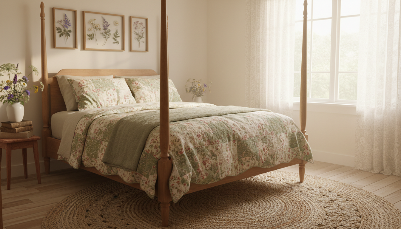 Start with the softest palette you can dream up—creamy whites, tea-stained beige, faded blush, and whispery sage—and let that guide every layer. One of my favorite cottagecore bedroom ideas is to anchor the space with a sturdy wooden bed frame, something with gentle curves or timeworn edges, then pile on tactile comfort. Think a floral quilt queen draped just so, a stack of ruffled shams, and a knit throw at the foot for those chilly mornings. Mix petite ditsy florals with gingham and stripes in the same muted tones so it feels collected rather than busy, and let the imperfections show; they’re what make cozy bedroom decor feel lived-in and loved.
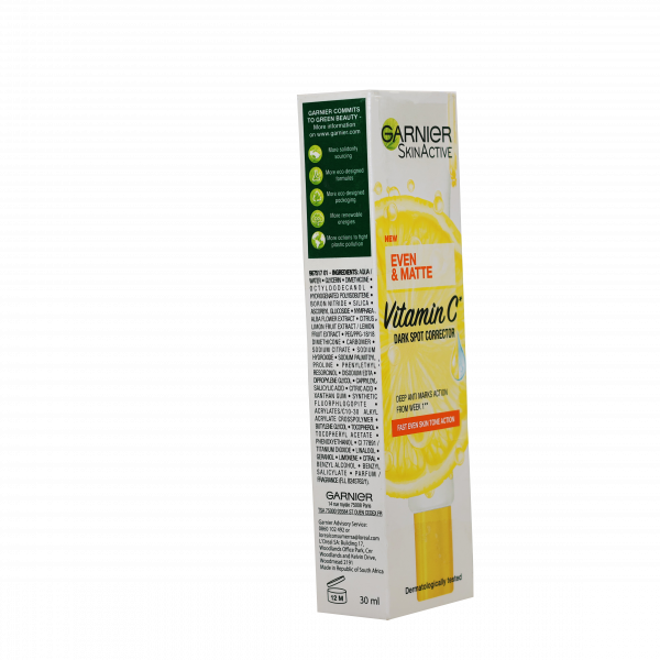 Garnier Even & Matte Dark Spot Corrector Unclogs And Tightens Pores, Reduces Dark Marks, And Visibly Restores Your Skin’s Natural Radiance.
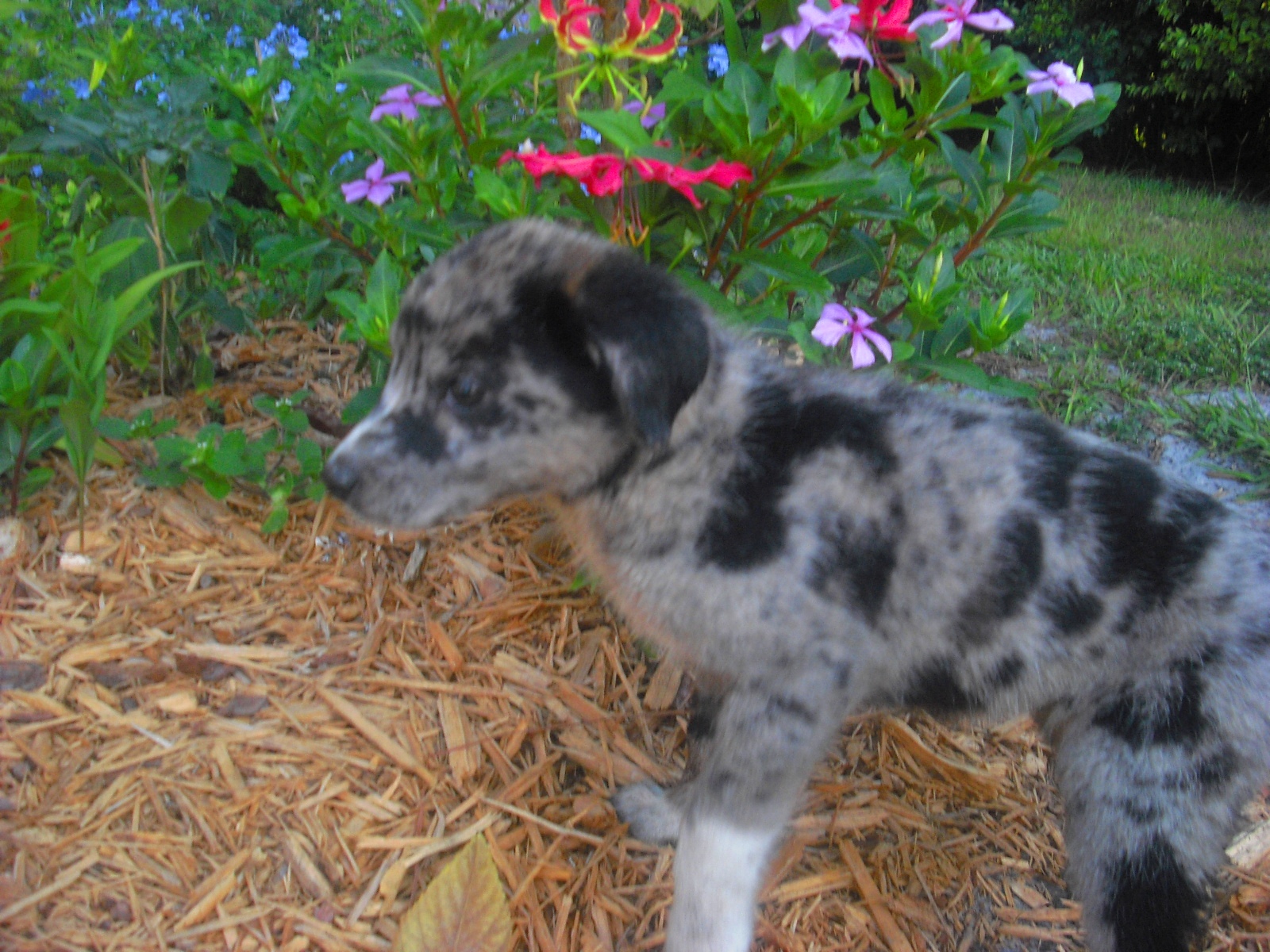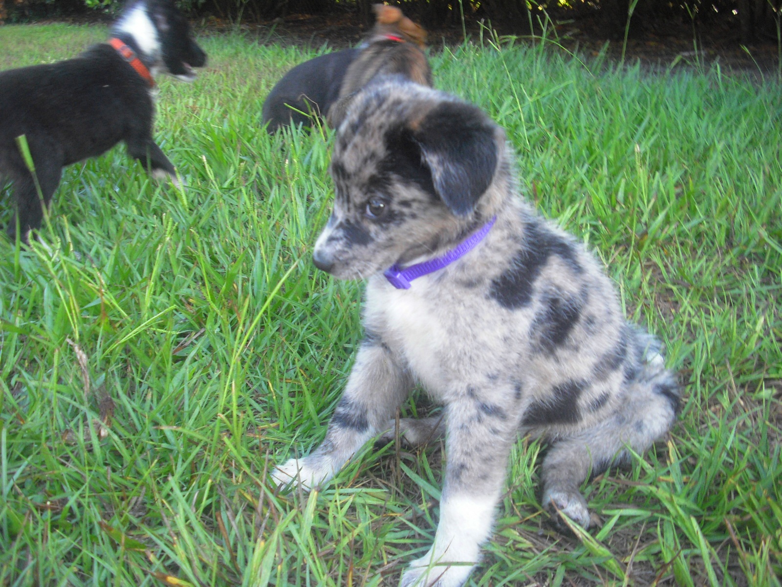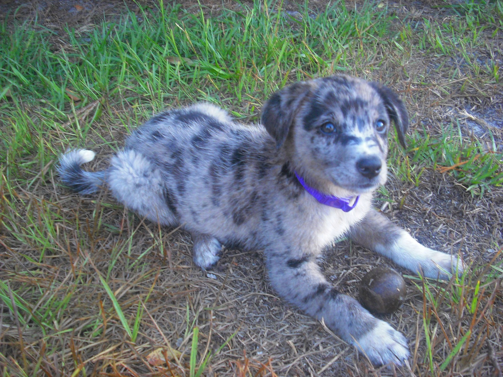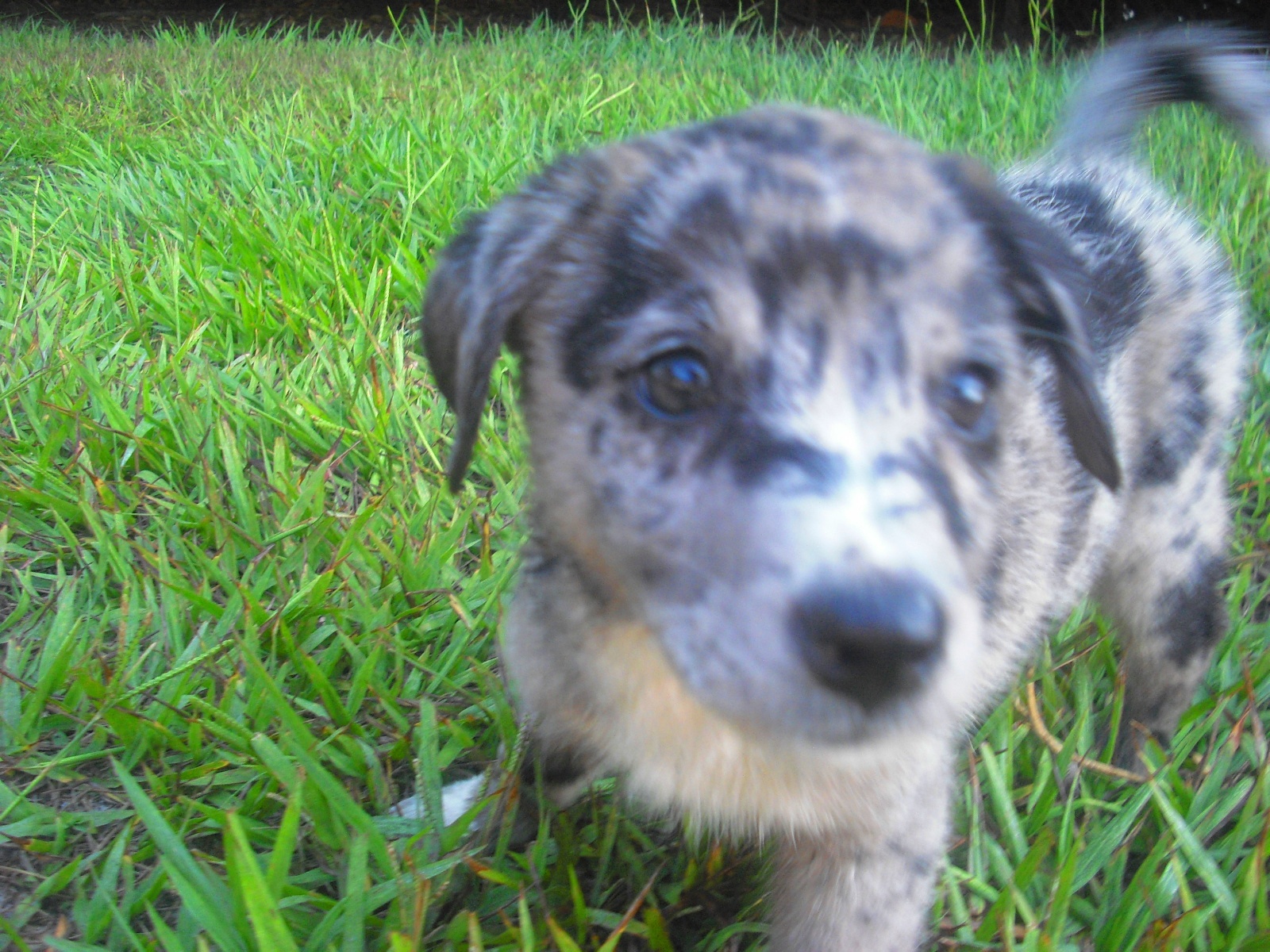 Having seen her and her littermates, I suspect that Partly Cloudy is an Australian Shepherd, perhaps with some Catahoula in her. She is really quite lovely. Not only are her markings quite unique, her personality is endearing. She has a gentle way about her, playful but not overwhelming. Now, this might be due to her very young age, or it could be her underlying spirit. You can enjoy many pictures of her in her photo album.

:::::

Repeat the listing word for word, but without its pictures.

▶ [Answer space]:
 Start with the softest palette you can dream up—creamy whites, tea-stained beige, faded blush, and whispery sage—and let that guide every layer. One of my favorite cottagecore bedroom ideas is to anchor the space with a sturdy wooden bed frame, something with gentle curves or timeworn edges, then pile on tactile comfort. Think a floral quilt queen draped just so, a stack of ruffled shams, and a knit throw at the foot for those chilly mornings. Mix petite ditsy florals with gingham and stripes in the same muted tones so it feels collected rather than busy, and let the imperfections show; they’re what make cozy bedroom decor feel lived-in and loved.
 Garnier Even & Matte Dark Spot Corrector Unclogs And Tightens Pores, Reduces Dark Marks, And Visibly Restores Your Skin’s Natural Radiance.
 Having seen her and her littermates, I suspect that Partly Cloudy is an Australian Shepherd, perhaps with some Catahoula in her. She is really quite lovely. Not only are her markings quite unique, her personality is endearing. She has a gentle way about her, playful but not overwhelming. Now, this might be due to her very young age, or it could be her underlying spirit. You can enjoy many pictures of her in her photo album.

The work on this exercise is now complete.